Comparing the programs, I could see no significant differences in sharpness.  Both looked great, with gobs of crisp detail.  Similar to what Bart noted, there may have been tiny differences in contrast and color.  Vertical format images require more down-sampling, and for those images, there was a barely noticeably softness in the C1 version, but I had to really strain to see it on things like thin twigs in tree branches.

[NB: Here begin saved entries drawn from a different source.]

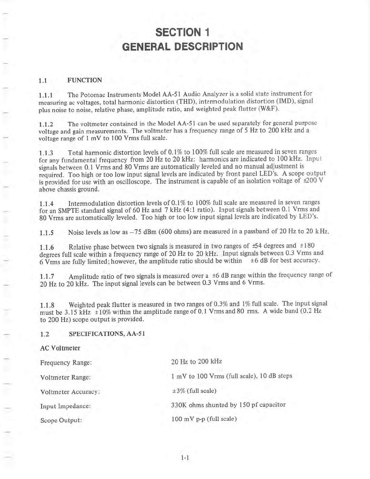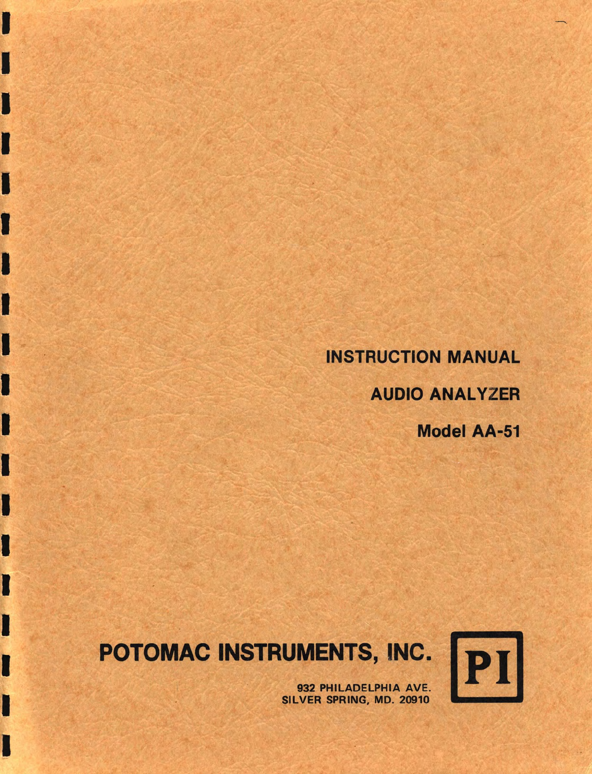 Potomac Instruments AA 51 Audio Analyzer Manual
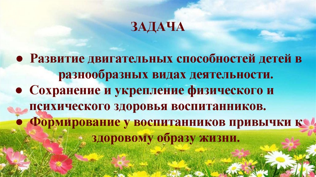 3. ЗАДАЧА Развитие двигательных способностей детей в разнообразных видах деятельности. Сохранение и укрепление физического и
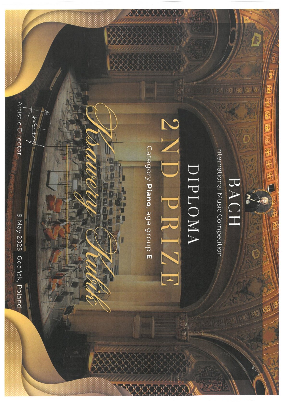 - Międzynarodowy Konkurs Muzyczny „BACH”, Gdańsk, 9.05.2025 r. – edycja online

The fit-to-view previews in C1 are perfectly adequate for my editing needs.  Perhaps the softening that others are seeing is not nearly as obvious on a high-DPI display.
Title: Re: Why are the previews of Capture One Pro of such low quality?
Post by: Bart_van_der_Wolf on January 25, 2018, 06:05:43 am
I just did a bit of testing in Capture One Pro 11, on a 27" Retina iMac. In Preferences, I have Preview Image Size set to maximum: 5120, which happens to be the horizontal pixel dimension of the display.  The images were raw files from a Nikon D850, which are 8256 x 5504 pixels.  Display in C1 was set to "Fit".  I used the "PSD ProPhoto for Photoshop" process recipe, with no output sharpening, to open the images in Photoshop CS6, and set that program to show the shots at the same size as C1.

Comparing the programs, I could see no significant differences in sharpness.  Both looked great, with gobs of crisp detail.  Similar to what Bart noted, there may have been tiny differences in contrast and color.  Vertical format images require more down-sampling, and for those images, there was a barely noticeably softness in the C1 version, but I had to really strain to see it on things like thin twigs in tree branches.

The fit-to-view previews in C1 are perfectly adequate for my editing needs.  Perhaps the softening that others are seeing is not nearly as obvious on a high-DPI display.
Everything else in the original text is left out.